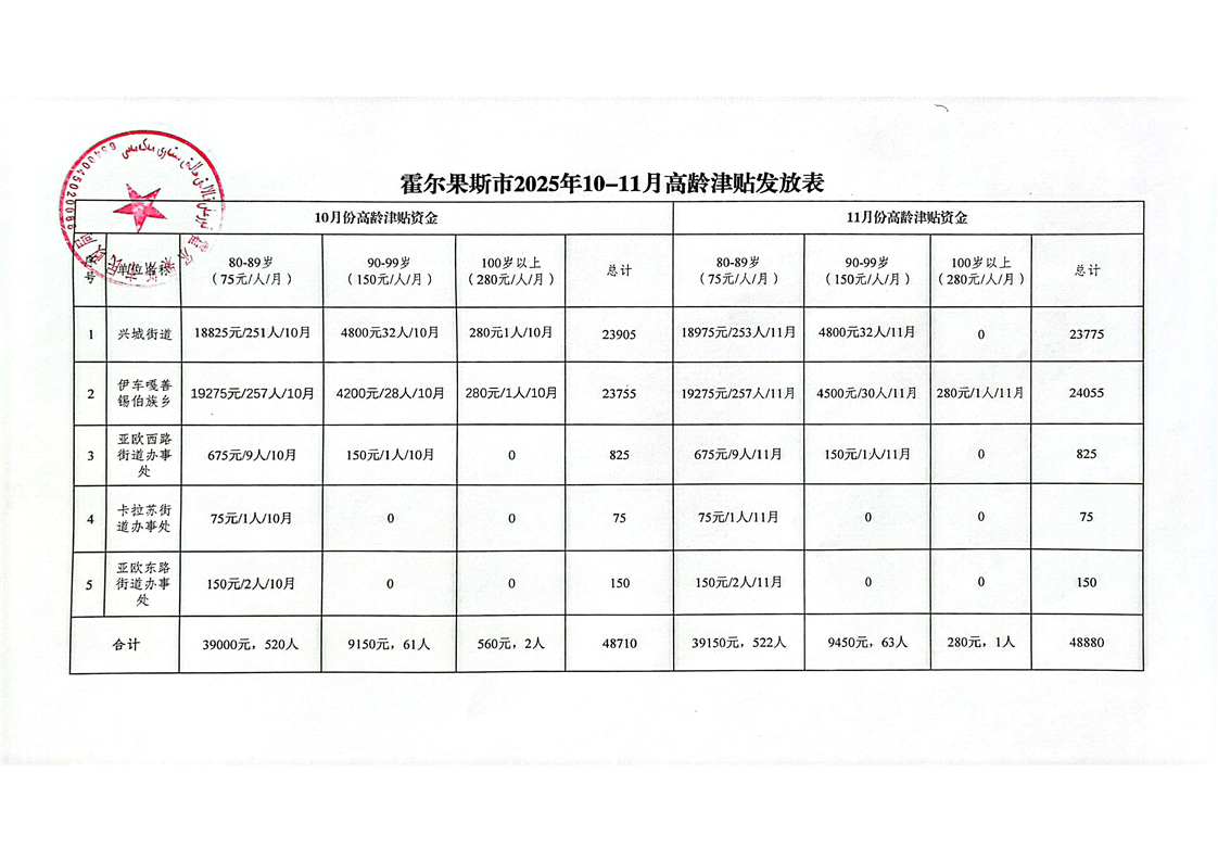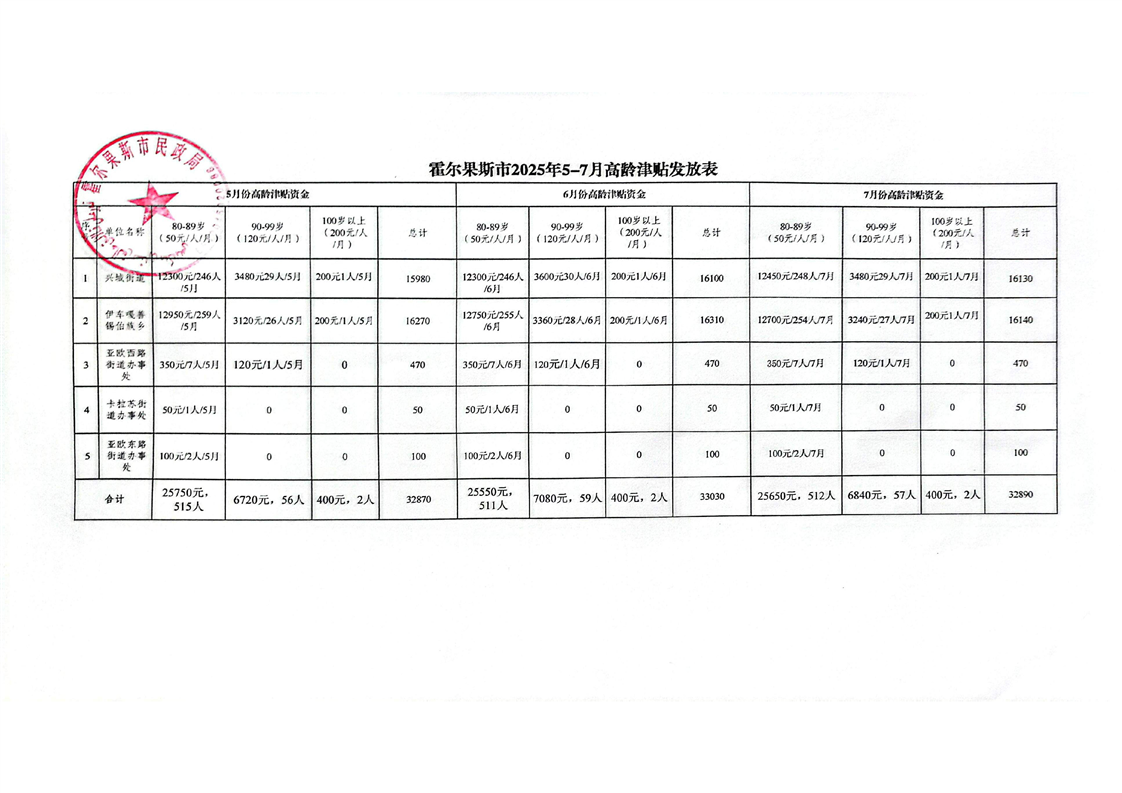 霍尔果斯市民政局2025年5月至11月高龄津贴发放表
==
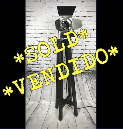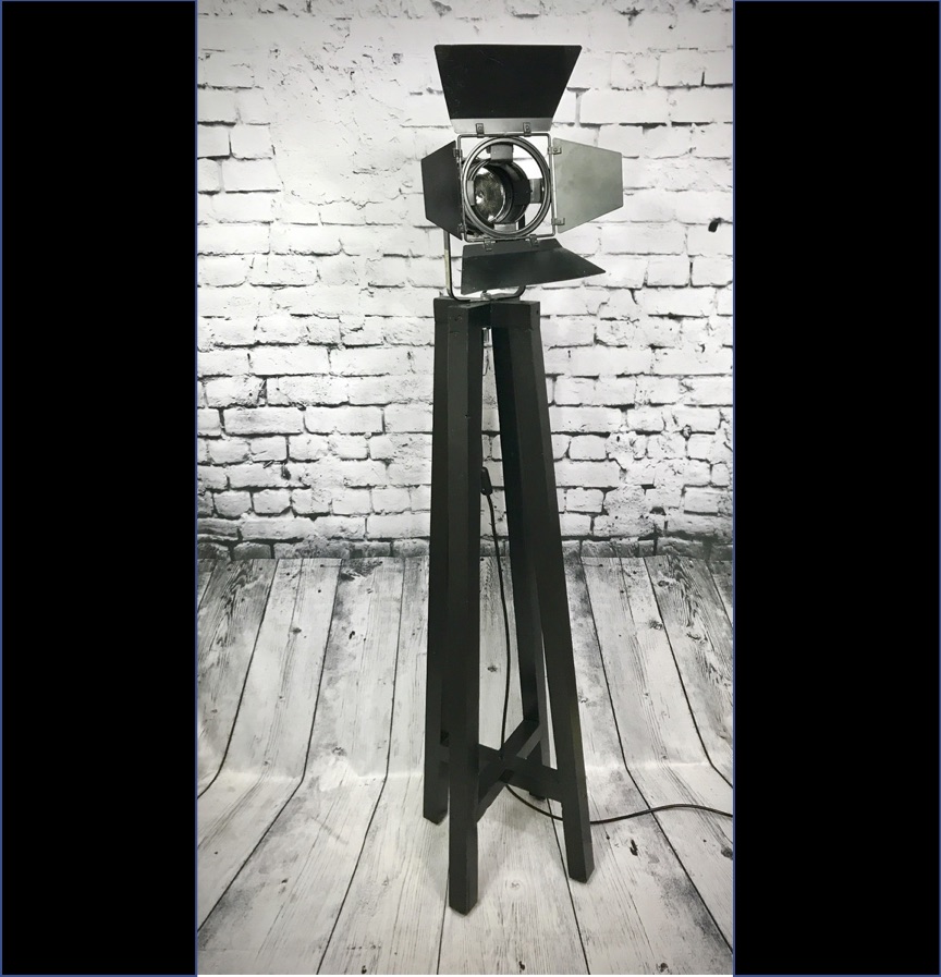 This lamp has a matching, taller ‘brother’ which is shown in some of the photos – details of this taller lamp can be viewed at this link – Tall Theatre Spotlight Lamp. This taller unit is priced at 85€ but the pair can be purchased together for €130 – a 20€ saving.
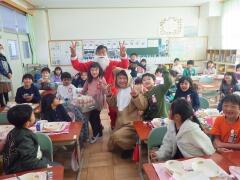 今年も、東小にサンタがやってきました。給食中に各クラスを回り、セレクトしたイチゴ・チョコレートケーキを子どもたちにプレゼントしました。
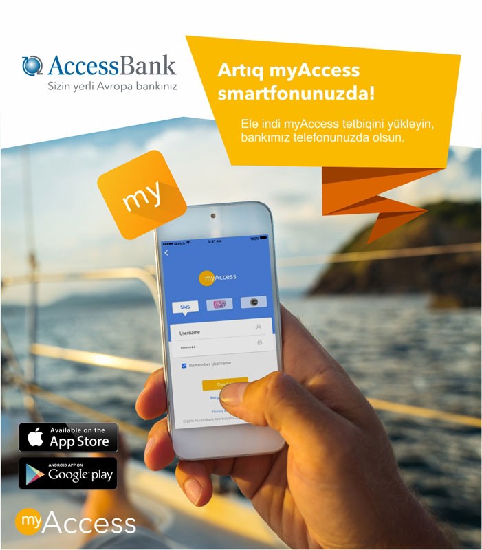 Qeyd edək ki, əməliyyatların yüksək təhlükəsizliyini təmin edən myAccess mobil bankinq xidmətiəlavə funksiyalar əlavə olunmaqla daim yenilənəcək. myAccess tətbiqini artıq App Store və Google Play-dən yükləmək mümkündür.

[AIM OF THE TASK]
Leaving each picture behind, please give again exactly the lines above from the one with "今年も、東小にサンタがやって" through the one with "Qeyd edək ki, əməliyyatların", both included, and no others.

[RESPONSE TO THE EXERCISE]
 今年も、東小にサンタがやってきました。給食中に各クラスを回り、セレクトしたイチゴ・チョコレートケーキを子どもたちにプレゼントしました。
 Qeyd edək ki, əməliyyatların yüksək təhlükəsizliyini təmin edən myAccess mobil bankinq xidmətiəlavə funksiyalar əlavə olunmaqla daim yenilənəcək. myAccess tətbiqini artıq App Store və Google Play-dən yükləmək mümkündür.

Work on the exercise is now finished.